America appeared on the album Bookends in 1968, a year rather like the nasty one we’re living through now, fraught with the sort of social, political, and geopolitical upheaval that turns the whole universe topsy turvy, leaving everybody at something of a disoriented loss. It was a different kind of culture war then, fought not just between left and right, but also between the old and young, pitting the adults of “the establishment” against an enormous cohort of those new 20th Century creatures, the “adolescents”, the two groups shouting at each other across the chasm that everyone called the “generation gap”. It was a time when parents were frankly alarmed by their own children, and viewed all aspects of youth culture with suspicion if not outright hostility, feeling threatened and rejected, all of their cherished values under assault.
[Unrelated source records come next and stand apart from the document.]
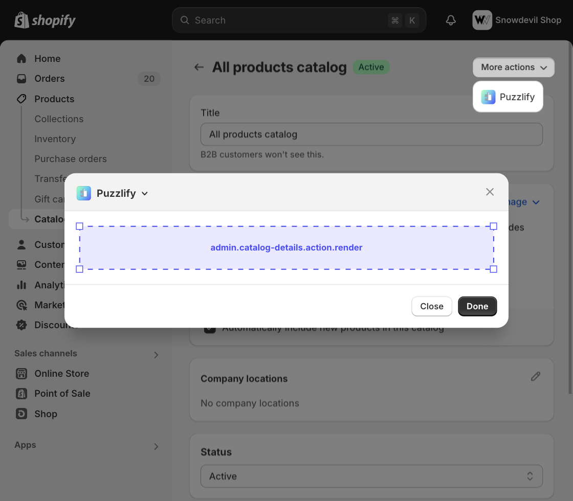 Product configuration extensions appear on the product details and product variant details pages, and allow configuration of product bundles. Learn more about product configuration.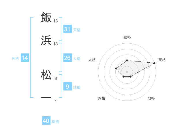 飯浜 松一さんの総格は40画の2点!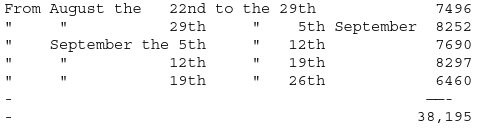 But to return to my particular observations during this dreadful part of the visitation. I am now come, as I have said, to the month of September, which was the most dreadful of its kind, I believe, that ever London saw; for, by all the accounts which I have seen of the preceding visitations which have been in London, nothing has been like it, the number in the weekly bill amounting to almost 40,000 from the 22nd of August to the 26th of September, being but five weeks. The particulars of the bills are as follows, viz.: —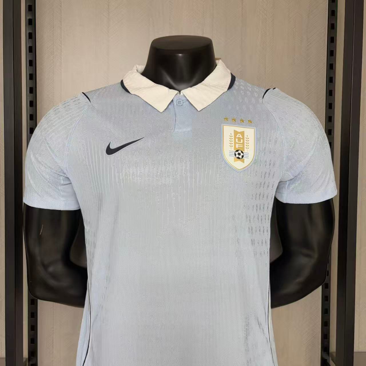 A Nike estampa o Swoosh em preto no lado direito do peito, enquanto o escudo da Associación Uruguaya de Fútbol vai no lado esquerdo, em branco e dourado, com as quatro estrelas acima, na mesma cor.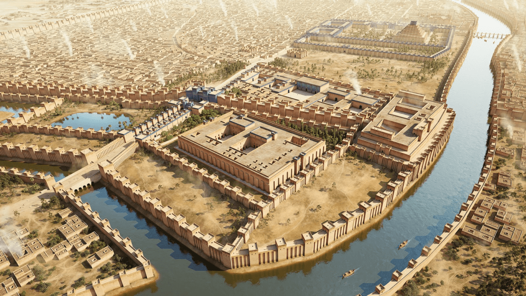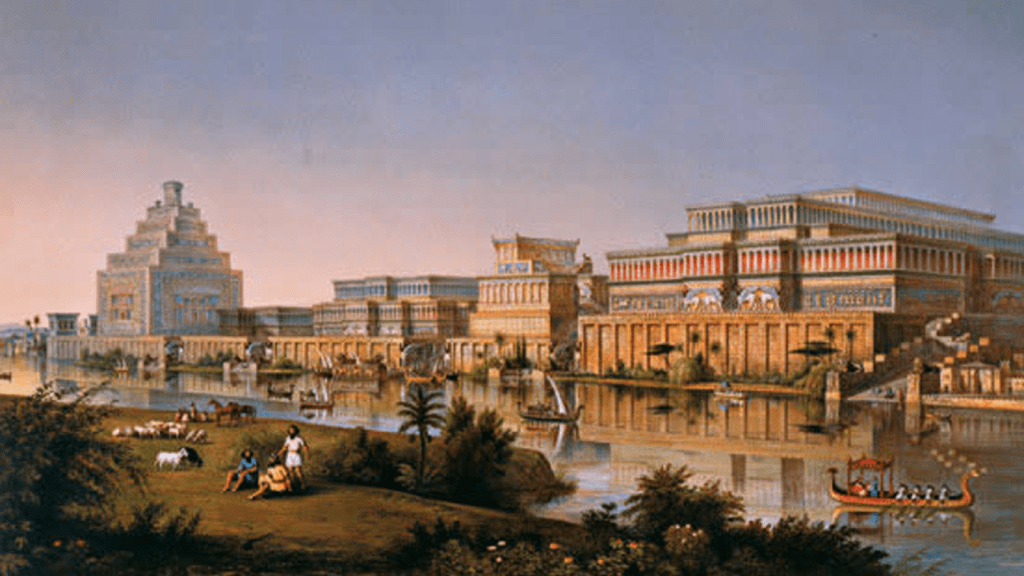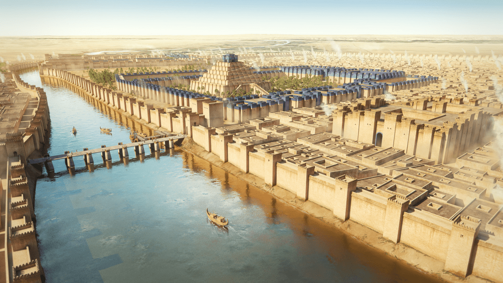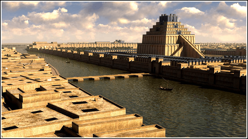 Es la ciudad más famosa de la antigua Mesopotamia, cuyas ruinas se encuentran en el actual Irak, a 94 km al suroeste de Bagdad. Su nombre deriva de bav-il o bav-ilim, que en acadio significaba Puerta de Dios (o Puerta de los Dioses); Babilonia en griego. En su época, es un gran centro cultural y religioso.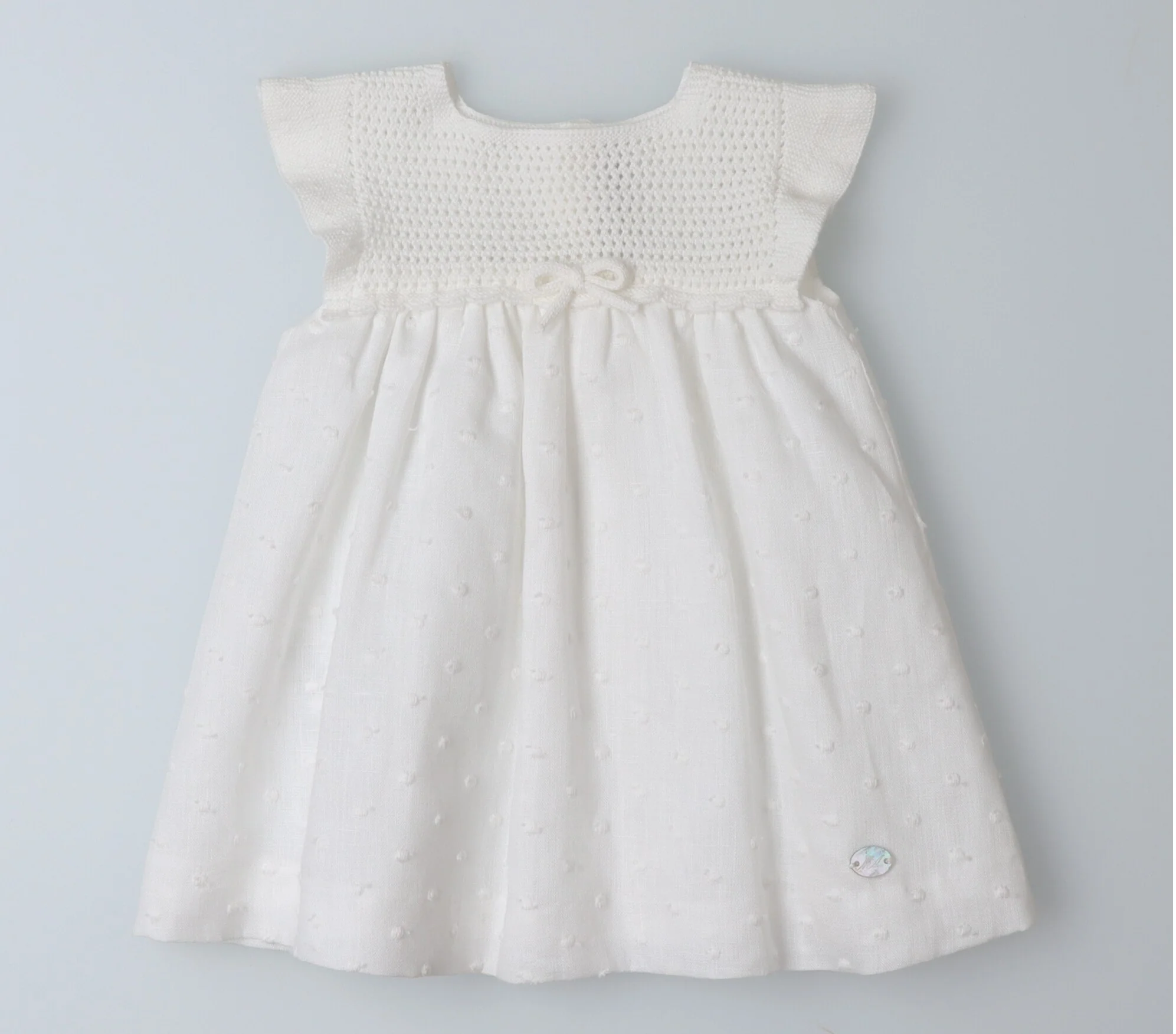 Corpetto in cotone lavorato, rouches sulla spalla, gonna in lino con ricamo pois, morbida sottogonna, chiusura sul retro con bottoni ed asole.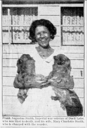 On the morning of Monday, May 20, 1935, Mrs. Caroline Fisher went to the home of Frank and Charlotte Smith. She did some work for the Smiths and arrived at their small cottage on the south end of Duck Lake at her usual time of 7:00AM. She knocked on the door, then entered. As she went through to the bedroom, she noticed Mr. Smith was still asleep on his cot, while his wife lay on her own bed, rubbing her head.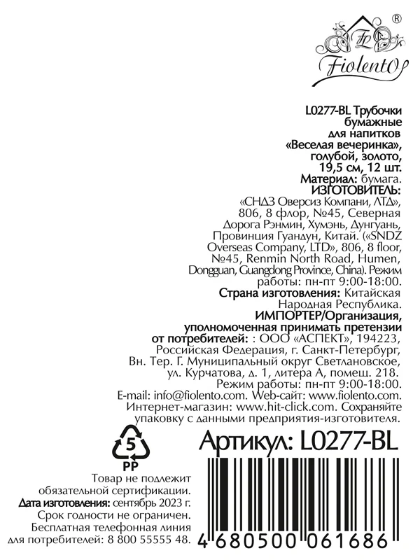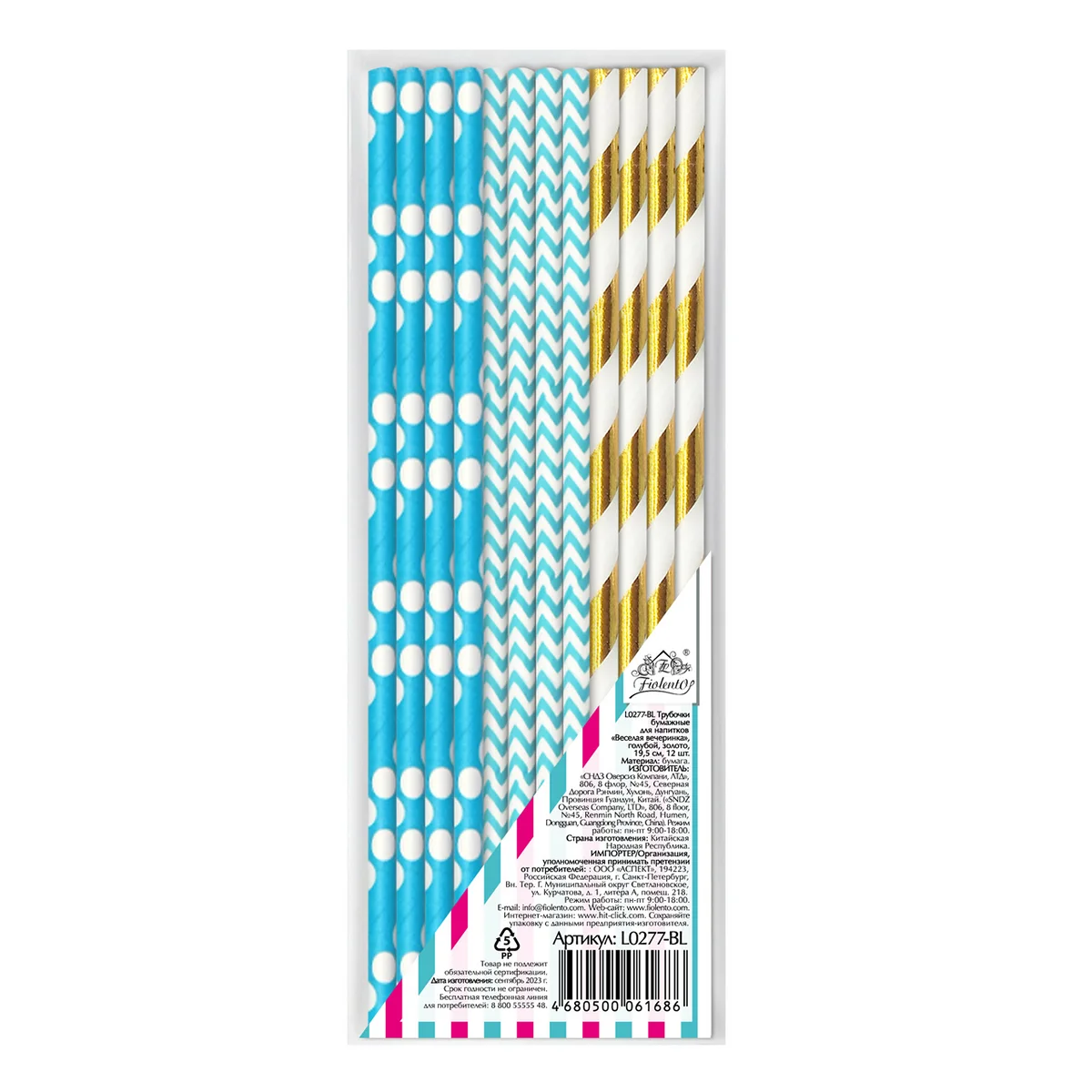 Трубочка для напитков одноразовая Fiolento Веселая вечеринка бумажная золотисто-голубая 19.5см, 12шт

In this environment even Simon and Garfunkel could seem upsetting, and a wistful, evocative tune like America could seem to be taking sides – it was, after all, the reviled “hippies” and the like who talked about dropping out of society, and walking the land in a quest to “go find America”, whatever that was supposed to mean. Probably something to do with drug use, and maybe communes. Find America for the love of God – surely they’d all do better to go find jobs instead, and make something of themselves.

In the way of such things, the counterculture became mainstream. These days we all understand perfectly well the disillusioned urge to look past the superficial, strip away the corruption, and rediscover the founding ideals upon which our purportedly free and democratic society was supposed to have been based – so much so that in 2016 Bernie Sanders was able to use America in a really quite moving and effective political ad. Almost none of us who wound up composing the next establishment did any such thing of course, but we remember the impulse, especially now as we begin to bow out wondering what it is we accomplished, reeling in a post-Trump dystopia in which memories of the upheavals of 1968 can seem like the stuff of pleasant nostalgia from the Beforetime. It’s easy to lose sight of the context of Paul Simon’s touching little masterpiece, released in the midst of a year blighted by assassinations, global student unrest, the crushing of the Prague Spring, and the endless, fruitless American prosecution of what suddenly seemed certain to be a losing war on the other side of the world, a year ushered in by the Tet Offensive that concluded, somehow, on the grace note of American astronauts reading the Christian creation myth to the whole world on Christmas Eve, from a point almost 240,000 miles away in space. Emerging out of all that was this humane, touching, and perennially relevant ballad of young lovers wandering lost in their own country, looking for something they couldn’t identify and feeling, like so many of us then and ever after, empty and aching and not knowing why.